We start our season off with the Passing Cloud in ship-shape after the most ambitious refit yet. With a month long haul-out in the shipyard for annual maintenance and updates, she is now sailing with enlivened elegance and grace for which she was designed.
We are always excited to start another season sailing Canada’s Pacific Coast and each new season brings with it so many fascinating and unexpected events and encounters, each with the potential to become the highlight of our year.
Our first expedition of the season hosted Quest University for a five-day field course onboard Passing Cloud, exploring the Broken Group Islands of Pacific Rim National Park. Record-high temperatures and sunshine welcomed this expedition and remained for the duration of the trip.

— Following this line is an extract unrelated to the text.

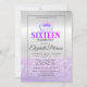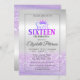 La purpurina tiara en la purpurina bokeh sombría invitación a la fiesta de 16 años.
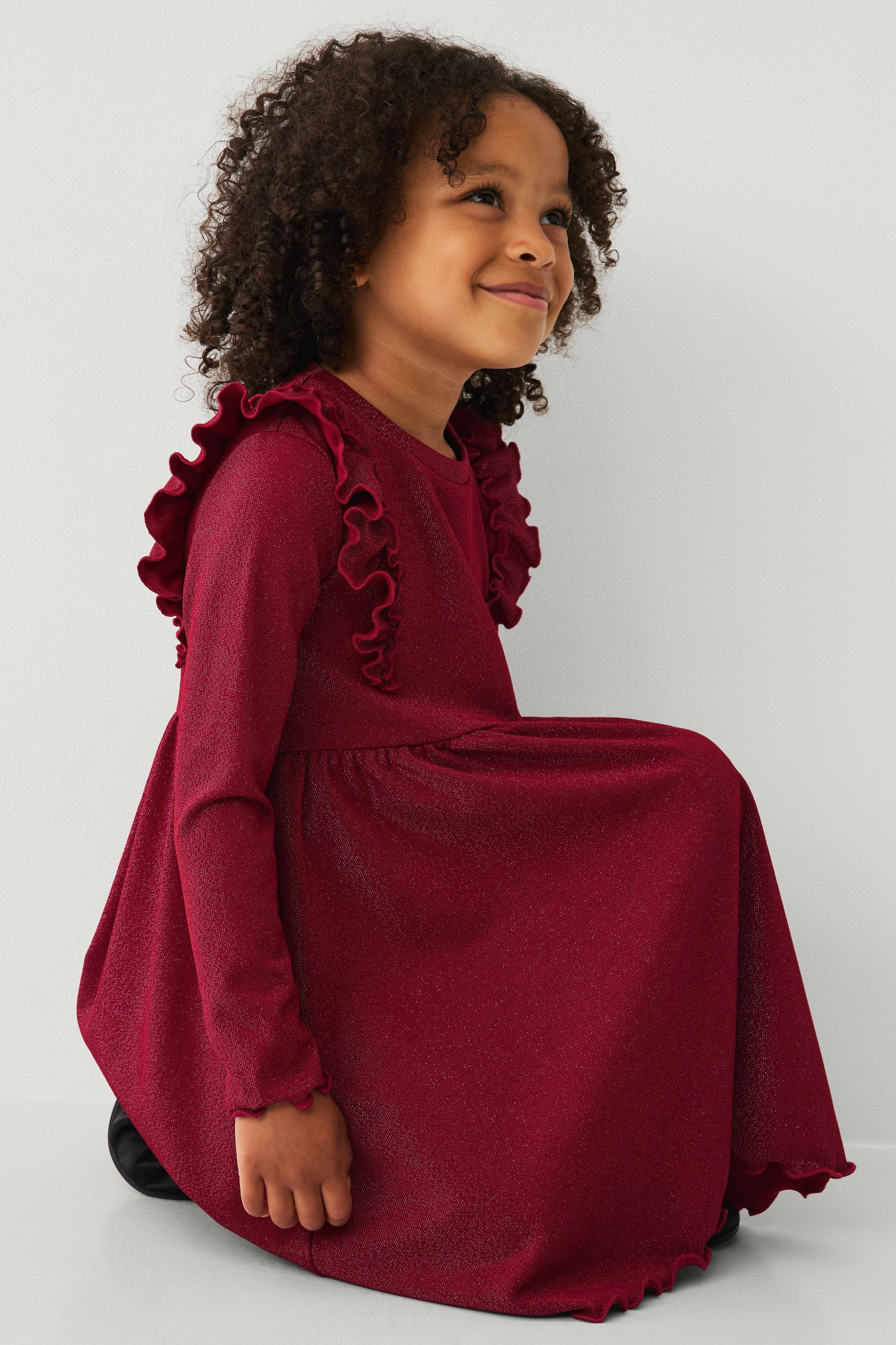 • Langærmet, elastisk kjole med glitrende, ribbet materiale• Rund, ribbet halsudskæring• Påsyede volanter over skuldrene• Samling ved taljen• Bølgede kanter ved manchetterne og nederst

The wildlife did not disappoint with acclaimed appearances by a wide array of species. Five gray whales on their migration north transited past the boat, while three curious sea otters came to check out the group. Sea otters are finally making a comeback on our coast after being hunted to near extinction in the 1800’s. The group also spotted two river otters – often mistaken for sea otters, they, however, do not have that telltale fur pelt that made the sea otter so sought after. Although the river otter can be found in the ocean, they – unlike the sea otter – make their home on land.
Russell Markel and the field crew came across European green crabs, an invasive species that came to the Pacific coast in ballast ship water. The species is, unfortunately, becoming more and more abundant on our coast and its aggressive and rapacious appetite causes serious alarm for shellfish such as clams and mussels. The green crab also poses a serious threat to eelgrass ecological habitat, which provides an ocean nursery vital for many marine species. The crabs burrow in the sand and clip the roots of the grass from below, destroying one of the most productive and diverse ecosystems found in the ocean.
An assortment of seabirds put on quite a show, from bald eagles, loons, and buffleheads, to grebes, mergansers, and herons. On our trips ashore we traced wolf tracks in the sand from the elusive coastal sea wolves, who are often heard in the night but not seen. A lone deer tracked the grassy shoreline, ears alert for predators. With spring in full force on the west coast, hibernation has come to an end and a mother black bear and young cub meandered alongside the beach, foraging for fish and berries.
We are very excited to once again be spending our days exploring the shorelines and remote islands of British Columbia’s wild coast. With so much life and splendor to experience, you really never know what you will encounter on our expeditions. We welcome back our returning guests and crew and are delighted for the new faces that will grace the Passing Cloud this year.